Some folks like to sprout seeds for salads and stir-fries. Sprouting can give you a big nutrition boost for very little money. You just have to watch the carbs if you choose to sprout grains and legumes.
And lastly, GROW YOUR OWN PRODUCE! Even if you live in a tiny apartment and you have nothing more than a pot of herbs in a sunny window, you’re doing something that saves money and tastes SO good. Jack Spirko from The Survival Podcast likes to say that gardening is a gateway drug to prepping. I absolutely think he’s right. But I like to say that growing herbs in your kitchen is a gateway drug to gardening. Fresh herbs are so good for us, and once you see how easy it can be to grow something as simple as a pot of parsley, you’ll be hooked!
Learn how to treat cheap cuts of meat to make tasty meals.
Cheaper cuts of meat can be delicious too, but you have to know what to do. When I catch pork shoulder on sale for $.98/lb, for instance, I’ll take it home and cook it in my crockpot. It actually makes really great-tasting pulled pork, and pulled pork can be used for everything from wraps to salads to egg dishes and everything in between.

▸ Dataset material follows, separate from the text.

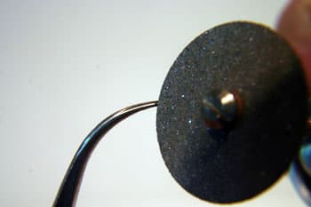 Use a sharpened separating disc to cut a groove across the tips of the tweezers about 0.5 to 0.25 mm from the ends.

Often times I’ll get beef stew meat on “manager’s special”, and I’ll cut it into smaller pieces for stir-fries. Sauteeing that meat in coconut oil with fresh veggies and herbs couldn’t make a better supper!
Cheap beef steaks are often tough, but I do like to eat beef, so I’ll buy them, bring them home and marinate them, and I’ll cook them at a lower temperature than I’d cook a higher-quality piece of meat. They come out nice and tender and I don’t have to shell out $7/lb for ribeye.
Whole pork loins often fall in the “cheap meat” category. If you buy one, you can slice it into fillets or you can roast it whole and then divide it into servings. No matter what you decide, it’s cheap and delicious!
Watch for sales on beef roasts. After learning about “pink slime”, I’m not inclined to get ground beef unless I know that it was ground in the store. By taking a cheap roast to the meat counter, I can get it ground in-store, and I know what I’m getting.
Learn to make jerky.
My husband and I like jerky, but it’s expensive and it’s often full of stuff that we don’t want to eat. We have a dehydrator and a “jerky gun” though, so I can make ground meat jerky at home that saves us a LOT of money. One pound of 90% lean ground beef usually runs about $3. By the time I’m finished, that one pound of meat yields about 3 oz of jerkey. Not bad at all, I’d say, especially when I get to choose what goes into my jerky.
Make a list and shop that list.
When money is tight, regardless of what eating plan you follow, a menu plan and a grocery list are your best defense against waste. I’ll use my family as an example. Now that the big kids are back at school, it’s actually really easy.
First, I account for the kids’ lunch money. Then I make sure that we have the items to cover breakfast for everyone (cereal, eggs, and flaxseed meal.) Then I cover lunches for my husband and me. We both eat the same thing for lunch during the week, so it’s easy. (He eats brats and cottage cheese; I eat chicken thighs. My preschooler also eats chicken or PB&J with applesauce.) Then I plan seven dinners, and I add fill-in items like nuts, coffee, condiments and the like to finish off the list.
This isn’t to say that I never get items that aren’t on my list, but by planning my list, I can get items for the cheapest prices and the need for a $3 gallon of milk doesn’t turn into a $50 shopping trip.
Following a low-carb eating plan doesn’t have to be pricey. Stick to unprocessed foods and don’t be afraid to think outside the box!